▶ Action item: Copy, word for word, the lines of the entries below between the one with "Incipit: De rebus" and the one with "Kanalizační vpusť boční", inclusive, and leave out everything else.
----- Records provided
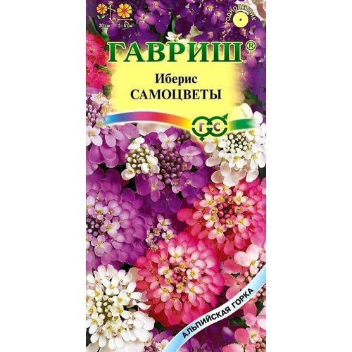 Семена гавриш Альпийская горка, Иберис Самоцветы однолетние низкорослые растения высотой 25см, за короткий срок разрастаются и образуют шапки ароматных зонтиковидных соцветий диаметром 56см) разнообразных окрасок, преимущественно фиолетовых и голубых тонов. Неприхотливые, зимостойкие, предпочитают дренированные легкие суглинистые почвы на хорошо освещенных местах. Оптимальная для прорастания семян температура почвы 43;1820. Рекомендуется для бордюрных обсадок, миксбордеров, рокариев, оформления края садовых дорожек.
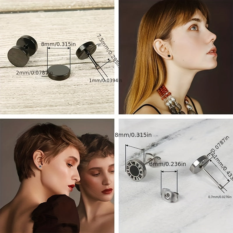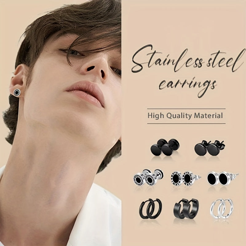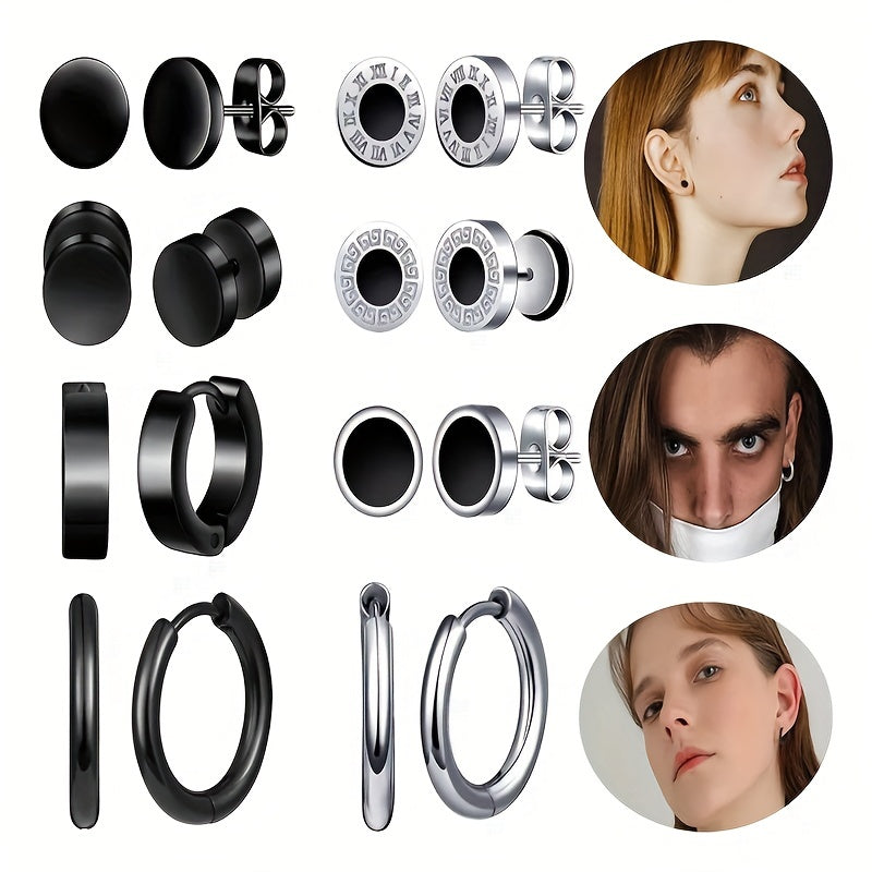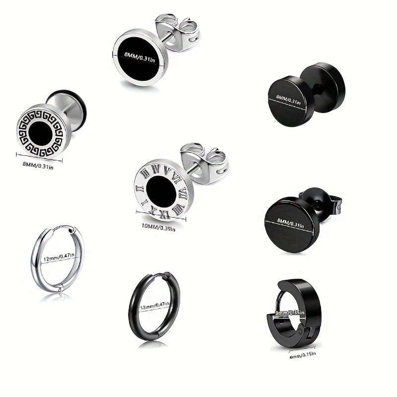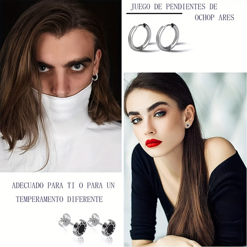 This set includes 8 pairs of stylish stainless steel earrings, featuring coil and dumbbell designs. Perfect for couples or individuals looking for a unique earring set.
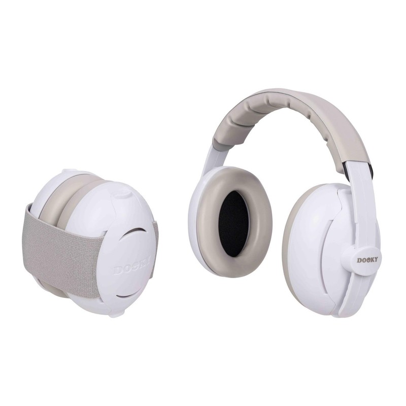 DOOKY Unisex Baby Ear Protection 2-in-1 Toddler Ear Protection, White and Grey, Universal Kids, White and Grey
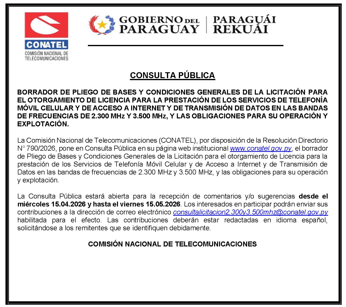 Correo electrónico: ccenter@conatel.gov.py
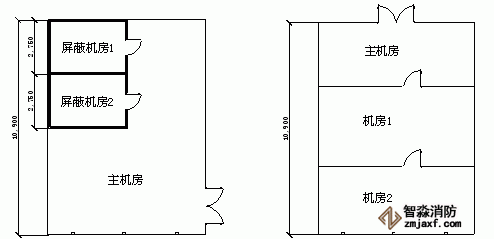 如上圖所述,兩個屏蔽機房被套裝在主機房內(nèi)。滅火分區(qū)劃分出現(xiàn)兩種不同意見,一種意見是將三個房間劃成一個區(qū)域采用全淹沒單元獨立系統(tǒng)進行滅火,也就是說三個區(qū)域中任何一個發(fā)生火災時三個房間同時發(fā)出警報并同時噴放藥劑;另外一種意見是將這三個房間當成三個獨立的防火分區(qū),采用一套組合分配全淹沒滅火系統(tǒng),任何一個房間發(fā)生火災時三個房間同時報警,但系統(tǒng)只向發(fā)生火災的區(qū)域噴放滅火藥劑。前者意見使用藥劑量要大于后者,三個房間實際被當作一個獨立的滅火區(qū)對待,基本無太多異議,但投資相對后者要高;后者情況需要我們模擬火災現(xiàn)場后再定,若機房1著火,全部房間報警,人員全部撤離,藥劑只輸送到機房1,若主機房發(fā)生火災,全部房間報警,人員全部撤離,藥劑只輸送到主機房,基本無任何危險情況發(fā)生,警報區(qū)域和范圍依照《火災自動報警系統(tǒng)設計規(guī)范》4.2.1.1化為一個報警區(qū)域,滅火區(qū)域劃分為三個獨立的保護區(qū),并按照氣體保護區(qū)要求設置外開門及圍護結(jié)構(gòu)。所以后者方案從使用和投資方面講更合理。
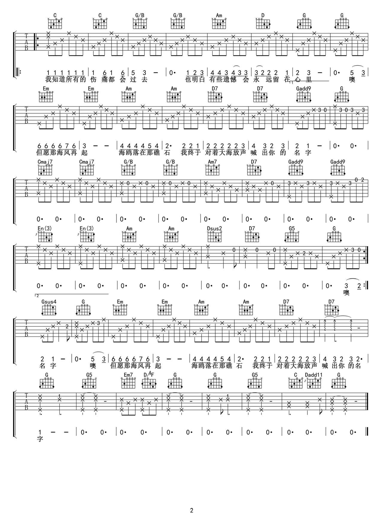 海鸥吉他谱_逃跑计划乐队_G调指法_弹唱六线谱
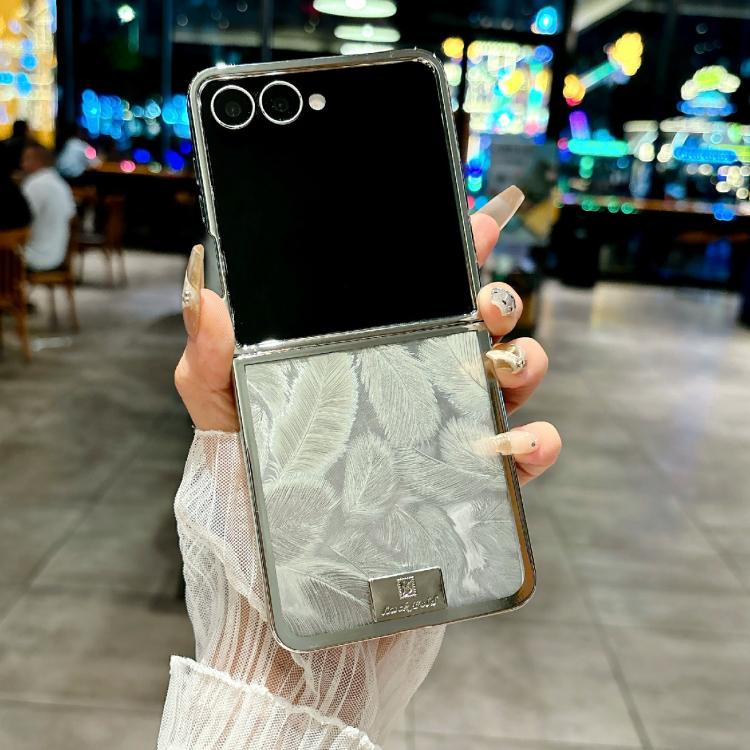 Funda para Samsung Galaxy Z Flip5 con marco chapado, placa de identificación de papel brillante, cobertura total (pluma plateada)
----------
----- Records provided
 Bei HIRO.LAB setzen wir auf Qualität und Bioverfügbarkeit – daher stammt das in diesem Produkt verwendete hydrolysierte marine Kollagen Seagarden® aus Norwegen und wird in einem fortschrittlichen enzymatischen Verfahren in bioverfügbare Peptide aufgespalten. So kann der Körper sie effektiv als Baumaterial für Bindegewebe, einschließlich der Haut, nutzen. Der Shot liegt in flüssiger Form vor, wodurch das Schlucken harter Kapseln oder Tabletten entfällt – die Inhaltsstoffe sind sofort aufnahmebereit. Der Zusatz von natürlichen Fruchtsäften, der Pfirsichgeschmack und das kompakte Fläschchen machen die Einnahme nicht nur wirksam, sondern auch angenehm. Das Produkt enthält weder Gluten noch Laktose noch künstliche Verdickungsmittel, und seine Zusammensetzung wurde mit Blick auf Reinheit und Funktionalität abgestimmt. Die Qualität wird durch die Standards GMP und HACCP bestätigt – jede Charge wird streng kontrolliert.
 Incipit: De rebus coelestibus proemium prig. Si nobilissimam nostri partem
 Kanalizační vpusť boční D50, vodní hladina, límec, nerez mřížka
----------
▶ Written solution:
 Incipit: De rebus coelestibus proemium prig. Si nobilissimam nostri partem
 Kanalizační vpusť boční D50, vodní hladina, límec, nerez mřížka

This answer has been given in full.